To discover the causal genes that conferred the 20 mutants, we developed a novel approach named Easy Bulked sergeant RNA-seq Mapping (eBSRmap). We selected those M2 that have a segregation ratio of kernel to self-pollinated and chose WT kernels which contain heterozygote to develop a segregating M3. The pericarps of 12 DAP (days after pollination) M3 kernel were peeled off to eliminate influence of maternal genotypes. A total of 20 mutants and 20 relative wild-type siblings from the same self-pollinated M2 ear were sampled and formed two mixed pools, named mutant and wild-type pool, respectively (Figure 1C). Total RNA were extracted and constructed the RNA-seq libraries that were sequenced and produced at least 3 Gb of clean data. These high-quality data lay a robust foundation for subsequent analysis. The sequencing data were aligned to reference Genome (B73 RefGen_v4) to identify the SNP between the wild-type and mutants.
3.2. Discover Candidate Gene by SNP Calling
To increase the correctness of SNPs, a rigorous pipeline to identify the EMS-induced mutations was adopted in this study. Since our samples are derived from the reference inbred line B73, theoretically, the vast majority of mutation sites occur independently, and the MAF (minor allele frequency) should be close to zero; SNPs with MAF greater than 10% were removed and SNPs detected in both mutants and its corresponding wild-type were retained for further study. Surprisingly, we summarized the correction between the ratio of base substitution from pyrimidine to purine and the SNP coverage, indicating that the SNP proportion of cytosine to thymine (C-to-T) and guanine to adenine (G-to-A) showed positive correlation until the coverage for one SNP is greater than five (Figure 4A). Therefore, the threshold of SNPs coverage is set as five to filter the SNPs believed to have high confidence. Furthermore, the number of SNPs for each mutant ranges from 30 to 80, with an average of 54 (Figure 4B).

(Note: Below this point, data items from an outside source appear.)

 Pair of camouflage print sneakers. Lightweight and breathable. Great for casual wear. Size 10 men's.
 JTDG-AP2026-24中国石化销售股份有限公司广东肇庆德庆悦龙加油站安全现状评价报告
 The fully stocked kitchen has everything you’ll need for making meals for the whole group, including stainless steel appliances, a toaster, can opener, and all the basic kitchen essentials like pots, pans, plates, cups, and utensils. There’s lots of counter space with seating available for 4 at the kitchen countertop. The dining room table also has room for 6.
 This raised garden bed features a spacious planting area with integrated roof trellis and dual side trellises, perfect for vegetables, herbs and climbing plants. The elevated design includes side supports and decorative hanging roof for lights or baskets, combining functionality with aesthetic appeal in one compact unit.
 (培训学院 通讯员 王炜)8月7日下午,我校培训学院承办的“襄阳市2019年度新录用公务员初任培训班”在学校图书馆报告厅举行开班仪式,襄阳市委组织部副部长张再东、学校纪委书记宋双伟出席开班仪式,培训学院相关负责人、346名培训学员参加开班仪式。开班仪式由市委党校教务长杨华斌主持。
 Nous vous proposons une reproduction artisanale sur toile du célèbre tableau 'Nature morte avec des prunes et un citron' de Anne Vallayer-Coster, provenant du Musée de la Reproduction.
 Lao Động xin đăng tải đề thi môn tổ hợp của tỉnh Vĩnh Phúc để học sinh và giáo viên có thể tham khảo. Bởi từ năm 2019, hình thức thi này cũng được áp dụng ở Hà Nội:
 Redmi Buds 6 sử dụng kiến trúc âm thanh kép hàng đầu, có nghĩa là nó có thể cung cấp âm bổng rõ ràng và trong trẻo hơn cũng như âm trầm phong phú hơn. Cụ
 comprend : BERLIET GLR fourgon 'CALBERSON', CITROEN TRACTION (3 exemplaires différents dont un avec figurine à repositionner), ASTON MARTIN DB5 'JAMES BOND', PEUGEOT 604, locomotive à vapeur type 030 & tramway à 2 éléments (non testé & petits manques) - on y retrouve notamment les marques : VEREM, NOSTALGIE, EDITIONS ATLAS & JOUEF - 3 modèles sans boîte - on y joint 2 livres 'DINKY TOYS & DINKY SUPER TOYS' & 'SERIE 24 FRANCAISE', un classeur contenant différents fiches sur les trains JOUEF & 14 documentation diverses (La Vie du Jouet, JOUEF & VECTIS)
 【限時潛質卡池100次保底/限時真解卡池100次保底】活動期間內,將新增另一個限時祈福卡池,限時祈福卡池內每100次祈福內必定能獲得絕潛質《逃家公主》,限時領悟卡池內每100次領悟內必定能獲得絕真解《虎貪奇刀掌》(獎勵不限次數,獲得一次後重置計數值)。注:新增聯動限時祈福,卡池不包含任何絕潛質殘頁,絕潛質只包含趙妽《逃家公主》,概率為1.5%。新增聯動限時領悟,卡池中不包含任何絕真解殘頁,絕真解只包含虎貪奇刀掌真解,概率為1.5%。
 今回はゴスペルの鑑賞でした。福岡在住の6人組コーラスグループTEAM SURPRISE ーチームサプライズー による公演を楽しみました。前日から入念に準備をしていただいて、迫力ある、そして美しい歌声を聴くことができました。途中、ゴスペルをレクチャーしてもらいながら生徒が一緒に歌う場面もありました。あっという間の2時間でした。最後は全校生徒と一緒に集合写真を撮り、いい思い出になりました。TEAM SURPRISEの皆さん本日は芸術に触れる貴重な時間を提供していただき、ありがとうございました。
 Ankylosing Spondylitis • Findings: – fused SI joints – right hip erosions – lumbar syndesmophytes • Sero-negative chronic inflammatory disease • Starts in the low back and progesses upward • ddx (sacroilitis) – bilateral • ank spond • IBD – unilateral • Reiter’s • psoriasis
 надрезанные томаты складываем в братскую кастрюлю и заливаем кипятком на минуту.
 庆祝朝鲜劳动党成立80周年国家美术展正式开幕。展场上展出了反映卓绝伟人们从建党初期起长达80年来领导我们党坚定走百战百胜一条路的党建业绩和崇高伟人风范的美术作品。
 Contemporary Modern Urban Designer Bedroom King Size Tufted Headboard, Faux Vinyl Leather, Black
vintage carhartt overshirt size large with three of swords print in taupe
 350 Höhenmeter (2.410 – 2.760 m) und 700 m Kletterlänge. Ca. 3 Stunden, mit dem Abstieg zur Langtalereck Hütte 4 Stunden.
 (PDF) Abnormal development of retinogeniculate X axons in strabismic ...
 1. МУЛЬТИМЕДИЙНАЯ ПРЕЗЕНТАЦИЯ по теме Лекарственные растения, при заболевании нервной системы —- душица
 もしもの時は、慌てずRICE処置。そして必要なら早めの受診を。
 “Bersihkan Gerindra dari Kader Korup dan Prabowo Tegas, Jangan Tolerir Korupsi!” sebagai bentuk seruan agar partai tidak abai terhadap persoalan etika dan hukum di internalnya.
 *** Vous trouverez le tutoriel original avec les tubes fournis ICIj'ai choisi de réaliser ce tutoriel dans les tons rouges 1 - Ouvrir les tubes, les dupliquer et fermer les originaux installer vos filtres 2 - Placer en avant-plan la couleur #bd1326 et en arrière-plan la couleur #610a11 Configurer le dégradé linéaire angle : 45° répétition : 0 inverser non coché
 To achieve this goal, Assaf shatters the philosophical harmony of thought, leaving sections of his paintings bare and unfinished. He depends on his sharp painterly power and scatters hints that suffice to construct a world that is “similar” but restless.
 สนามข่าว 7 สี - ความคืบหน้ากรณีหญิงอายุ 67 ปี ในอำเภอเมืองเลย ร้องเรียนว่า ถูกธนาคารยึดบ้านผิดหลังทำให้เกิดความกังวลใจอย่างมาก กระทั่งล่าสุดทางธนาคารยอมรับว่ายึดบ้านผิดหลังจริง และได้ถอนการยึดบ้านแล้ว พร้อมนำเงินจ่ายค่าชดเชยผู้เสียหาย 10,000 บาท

To track the impact of these SNPs in 20 mutants, we were determined to annotate these SNPs to investigate each candidate variant for its effect on coding sequence by the analysis of SnpEff. As we expected, these SNPs were scattered in various regions of the genome, including promoters, exons, introns, and intergenic regions. However, the exons, especially coding sequences, contain the highest number of SNPs, accounting for 73.33% of the total SNPs. Among these exonic SNPs, synonymous mutations account for 30.56%, missense_variant account for 63.63%, stop-gained account for 3.66%, and splice_region_variant account for 1.89%.
3.3. Identification of SNP Markers Tightly Linked to the Mutant Gene
However, to detect which SNPs exhibit complete linkage disequilibrium with the causal gene, the SNP frequency, also named the SNP index (proportion of mutant reads in total reads under each SNP), for each mutant and its corresponding wild-type was calculated. In theory, the SNP index of the most linkage of SNP to phenotype is 100% and 33.33% for mutant and wild-type, respectively. Then, the linkage SNP were selected for further study.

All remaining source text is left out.